Thomas (Thomas Mann) is so shy and off the social radar at high school he’s practically invisible. So his cocky best friend Costa (Oliver Cooper), and obligatory fat nerd JB (Jonathan Daniel Brown) plan a giant house party that will put them on the map and change their social status overnight.
When Thomas’ parents go away for the weekend, Costa floods social media with invites targeted at hot teen girls and cool guys looking to score an easy lay. He’s a would-be baller in a sweater vest daring you to underestimate him and achieving his goal through sheer loud mouthed persistence. He secures a couple DJ’s and two pint sized middle schoolers to act as security. But things begin to go downhill when Costa runs afoul of his vindictive and heavily armed drug dealer.
The film is shot under the guise of birthday home video, but Project X is really no different from the countless house party and nerd coming of age stories that have come before it.
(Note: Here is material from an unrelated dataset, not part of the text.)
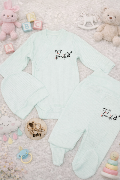 Элегантный комплект для младенцев Мягкий и удобный комплект, созданный специально для новорожденных. Натуральная ткань идеально подходит для детской кожи Внутри комплекта: Body (застегивается сбоку) ползунки Шапка Красивый дизайн панды Отличный выбор подарка

But it takes the spirt of those films, hops it up on Red Bull and ecstasy and watches with caffeinated glee as it soars over the top and then keeps on going in its wholehearted embrace of crude humor, bad taste.
It reminded me a little of the house party in producer Todd Phillips “Old School,” if Vince Vaughn and company had a little bit more of an appetite for destruction. As the party swells from dozens at the start to thousands, it breaks out into total mayhem with police in riot gear, houses in shambles, and enough burned out cars to fill a South Side junkyard.
I wouldn’t want to be any of these little punks’ parents, and they’re not an incredibly likeable bunch. But I can’t say the wholesale destruction they unearth isn’t fun to watch for a while. However, the movie is just as inconsequential as the party it depicts. And without really good funny characters, I couldn’t help wondering what’s the point?